In an interview with Newsweek, Peer Steinbrueck described the world’s sudden switch from "decades of supply side politics" to "crass Keynesianism" as "breathtaking." The people who "would never touch deficit spending are now tossing around billions," he said, and the only result will be to raise Britain’s debt to "a level that will take a whole generation to work off."

The comments are an embarrassment for Brown, who has tried to paint the opposition Conservatives as isolated in their hostility to his fiscal stimulus program. His handling of the economic crisis has helped to narrow the Conservative lead in opinion polls in the last three months.

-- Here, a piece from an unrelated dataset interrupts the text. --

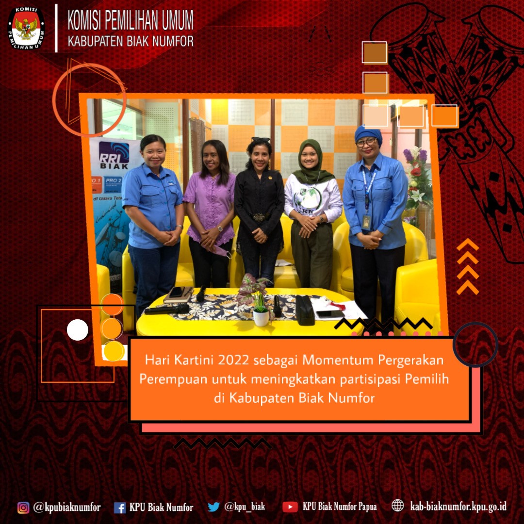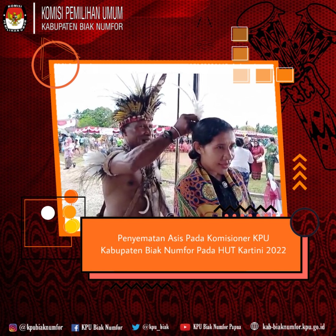 Komisioner KPU Biak Numfor Hadiri Peringatan Hari Kartini Dan Ikuti Pencanangan Kembali Pemakaian Asis Sebagai Identitas Budaya Perempuan Dalam rangka peringatan Hari kartini di Kabupaten Biak Numfor, KPU Kabupaten Biak Numfor turut menghadiri Upacara peringatan pada Kamis (21/4/2022) bertempat di lapangan cenderawsih Biak yang mengusung Tema Dengan Semangat RA Kartini kita Tingkatkan Kreatifitas Perempuan dan Anak guna Menopang Pembangunan Kepribadian Bangsa. Komisioner KPU Kabupaten Biak Numfor Divisi Sosialisasi Pendidikan Pemilih dan Partisipasi Masyarakat dan SDM, Yemima Msiren yang hadir mewakili Ketua KPU Kabupaten Biak Numfor memberikan apresiasi atas sambutan Ketua DWP Biak Numfor yang mengingatkan kembali dengan sosok RA Kartini sehingga menjadi inspirasi bagi seluruh Wanita Indonesia yang bila dikaitkan dengan peran wanita dalam bidang politik tentunya sangat punya pengaruh yang besar. Yemima Msiren juga memberikan apresiasi dan mendukung apa yang disampaikan Ketua Tim Penggerak PKK Biak Numfor yang mengajak Kaum Perempuan untuk dapat berekpresi serta berani tampil untuk memberikan talenta terbaiknya, memperikan pelayanan kepada masyarakat dan Motivasi untuk terus berkarya dan memberikan pengabdian terbaik bagi keluarga, mwngingat hasil Pemilu 2019 lalu di Biak Numfor telah menghasilkan bertambahnya keterwakilan perempuan di Legislatif bahkan dua perempuan telah memimpin DPRD Biak Numfor sebagai Ketua dan Wakil ketua DPRD Kabupaten Biak NUmfor untuk periode 2019-2024. Pada kesempatan menghadiri Perayaan Hari Kartini ini, Yemima Msiren juga berkesempatan mengikuti pencanangan “ASIS” sebagai salah satu identitas perempuan Biak dan berharap momentum ini dapat menjadikan pemakaian ASIS dapat digunakan dengan tepat sesuai aturan-aturan adat dan budaya Orang Biak. Adapun Dokumentasi Kegiatan :

"It doesn’t exist. It doesn’t exist!" Steinbrueck said of what he derided as "the Great Rescue Plan." Referring to Brown’s 2.5 percentage point cut in value-added tax, a levy on sales, he asked whether someone is "really going to buy a DVD player because it now costs 39.10 pounds ($58.35) instead of 39.90 pounds."

"This comment ... totally demolishes Gordon Brown’s central political charge that only the Conservatives oppose his expensive and ineffective VAT measures," Conservative Treasury spokesman George Osborne said in a statement. "On the day he claimed to be saving the world, the world answered back."

Brown has promised a 20 billion-pound package of tax cuts and spending between now and April 2010 to help counter Britain’s first recession since 1991. The Treasury predicts the budget deficit will soar to 8 percent of gross domestic product in the year starting April 2009, the highest among major industrial nations.